Выбрать главу

Плюс-минус одна минута — катастрофа. А из тотальной упорядоченности времени происходит непрерывный невроз. Городской житель непрерывно поглядывает на часы. Постоянная сверка часов — абсолютное условие выживания. А это и значит, что человек принадлежит не себе, а круглому циферблату. Это особый, темпоральный род сумасшествия, когда человек идентифицирует себя не с Наполеоном, а с часами.

Но если сам город сумасшедш, зачем ему странный тип под именем «городского сумасшедшего»? Или городской сумасшедший — это тот, кто пытается сохранить свою человеческую нормальность внутри сумасшедших структур города?..

Думается, что если последнее и правда, то лишь отчасти. Потому что «городской сумасшедший» — это вполне метафизическая категория, а отнюдь не просто эмпирический факт. Ведь это не «сумасшедший-в-городе», а «сумасшедший-ДЛЯ-города». Это некий тип, по отношению к которому сам город испытывает странную сексопатологическую потребность: он числит его патологически ненормальным, но испытывает при том выраженное влечение к нему. Городской сумасшедший — это тот, кого сам ГОРОД (как некая коллективно-обезличенная и оттого вполне сумасшедшая общность людей) почитает за сумасшедшего. Городской сумасшедший — это не столько факт бытия нормального в ненормальном, сколько потребность ненормального найти нечто ненормальное настолько, чтобы можно было оправдать собственную ненормальность как нормальность.

* * *

В не-городе человек от человека на расстоянии руки, на расстоянии шага, на расстоянии тела. Он подчеркнуто телесен, он подчеркнуто САМ.

В не-городе человеческая самость, телесность, физиологичность самозначимы; ритуал деревенской жизни — гимн человеческой близости, гимн близости тела к телу, руки к руке, глаза к глазу. Деревенские посиделки ли на завалинке, игры ли за околицей, празднества ли и песни за совместным столом — все это до предела насыщено прямым телесным искушением. В любом контакте здесь присутствует ум, разумение, сила выбора. Здесь нет общения со структурами, здесь есть исключительно общение с конкретными людьми.

У деревни нет своей физиологии, нет своей УТРОБЫ, нет своей (не зависимой от обитателей деревни) похоти. Деревня не пожирает своих детей, коль скоро у нее нет самостоятельной по отношению к ее обитателям сущности. У деревни вообще нет «обитателей»; она ТОЖДЕСТВЕННА своим обитателям. А деревенские жители тождественны собственной жизни. Их жизнь — это и есть они сами.

Оттого и нет, не может быть в деревне фигуры «деревенского сумасшедшего» — странной фигуры, по отношению к коей сам физиологический организм деревни (если б он и вправду был — по аналогии с особым физиологическим организмом города) испытывал бы странный комплекс одновременного вожделения и отторжения.

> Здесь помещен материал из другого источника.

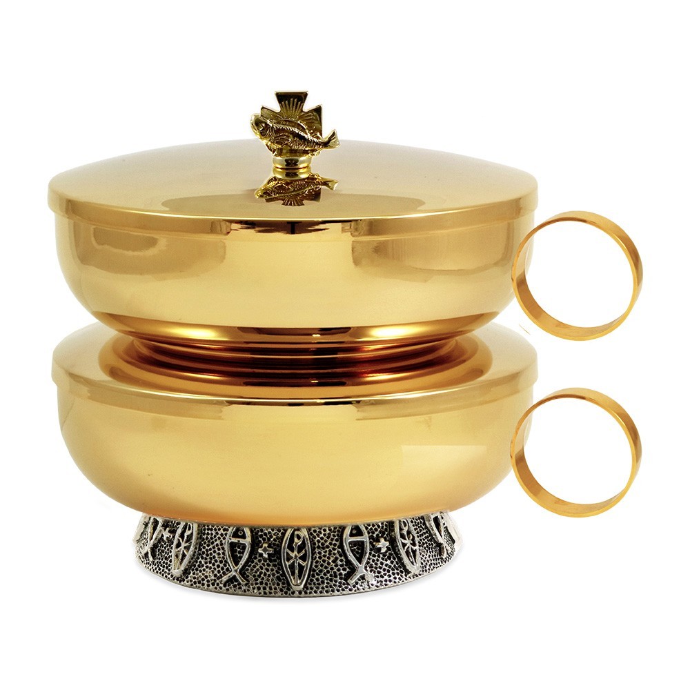Pisside liturgica per concelebrazioni a due piani.
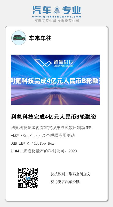 2023年4月6日,智能底盘系统方案商利氪(广州)科技有限公司(以下简称:利氪科技)宣布完成4亿元人民币B轮股权融资。公司于2022年1月成立,16个月已累计完成融资金额6亿元人民币。
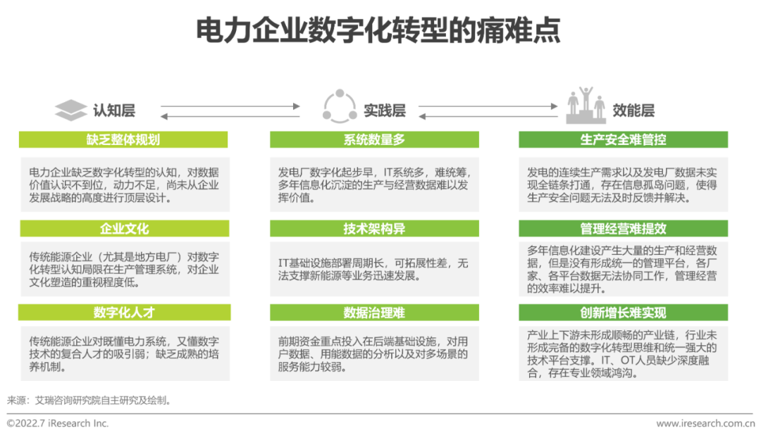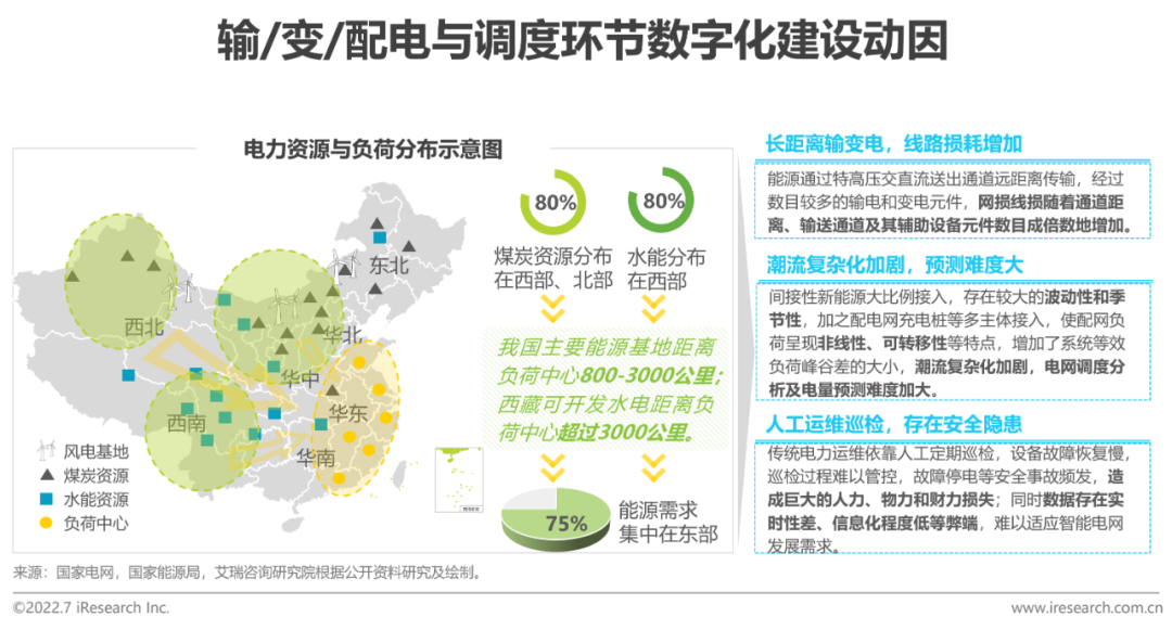 转型关键:电网架起了产能侧与用能侧间的桥梁,不仅关系着自身企业的降本增效,更关系到整个电力系统的优化配置与转型升级。在能源结构转型的背景下,电网数字化转型的关键在于提高电网企业配电和变电的数字化能力,以应对分布式电源的波动性;构建营销平台以挖掘并满足用电侧多元化需求;构建可观、可控的智能电网以保障我国电力供需平衡,赋能双碳目标下新型电力系统建设。我国能源资源与负荷呈现逆向分布,煤炭资源多集中在西部和北部,水能、太阳能主要分布在西北和西南地区,而能源需求则集中在东部。这使得电力能源在长线路、跨区域传输时,面临规划输变电线路、网损线损等问题。此外,随着新型电力系统的建设,风能、水能、太阳能等清洁能源作为电源大比例接入电网,其自身的季节性和间歇性对电网供给的稳定性造成一大挑战。同时,配电网充电桩、分布式能源等多主体接入,也使配网负荷呈现非线性等特点,电网潮流复杂化加大了电网灵活调度与准确预测分析的难度。传统的电网运维很大程度上依靠人工巡检,存在着过程难以管控、安全事故频发、信息化程度低等问题,极易造成巨大的人员与财产损失,难以适应智能电网发展需求,因而急需通过数字化应用减少输变电线损率,提高调配电智能化水平。

В деревне есть совсем другая фигура — фигура деревенского дурачка. Но деревенский дурачок — это чисто физиологическая реальность. Деревенский дурачок не дразнит общественное мнение деревни, не бросает какого бы то ни было вызова ее моральным устоям. Он существует как странная прихоть природы — слабоумное дитя инцестных связей, столь неизбежных в условиях герметичного деревенского быта. Потому деревенский дурачок — менее всего предмет искушения, отторжения и негодования; наоборот — он предмет жалости и сочувствия. Деревенского дурачка любят и жалеют, принимая его как фатальную неизбежность самой жизни.

Совсем не то — город. Город — это утроба. Это вполне самостоятельная, независимая от собственных обитателей, пожирающая своих обитателей-детей физиологическая сущность. «Физиология Москвы». «Физиология Петербурга». Ощущение города как некоего монструозного организма, обладающего собственной физиологией — общее место литературной традиции.

В городе человеческая телесность принципиально не существует сама по себе; она опосредована многочисленными механизмами, коммуникациями, иными техническими причиндалами. Здесь — «транспортные артерии». Здесь — баррикады стен. Здесь личностная и телесная потребность человека подчинена монстроидальной потребности города.

Только в городе существует феномен общественного или публичного мнения — некоей иррациональной силы, живущей независимо от мнений отдельно живущих людей. Если мир деревни — это мир всегда персонифицированных МНЕНИЙ, то только в городе возникает феномен универсально-обезличенного общественного МНЕНИЯ. Разумеется, это мнение многолико, оно распадается на части; но, тем не менее, оно существует само по себе. Такому общественному мнению нет дела до умственно отсталого дурачка, до дебила; город изолируется от такого рода личностей. Но зато именно в пространстве города возникает некая притягательная пустота мифа, носящая имя «городского сумасшедшего».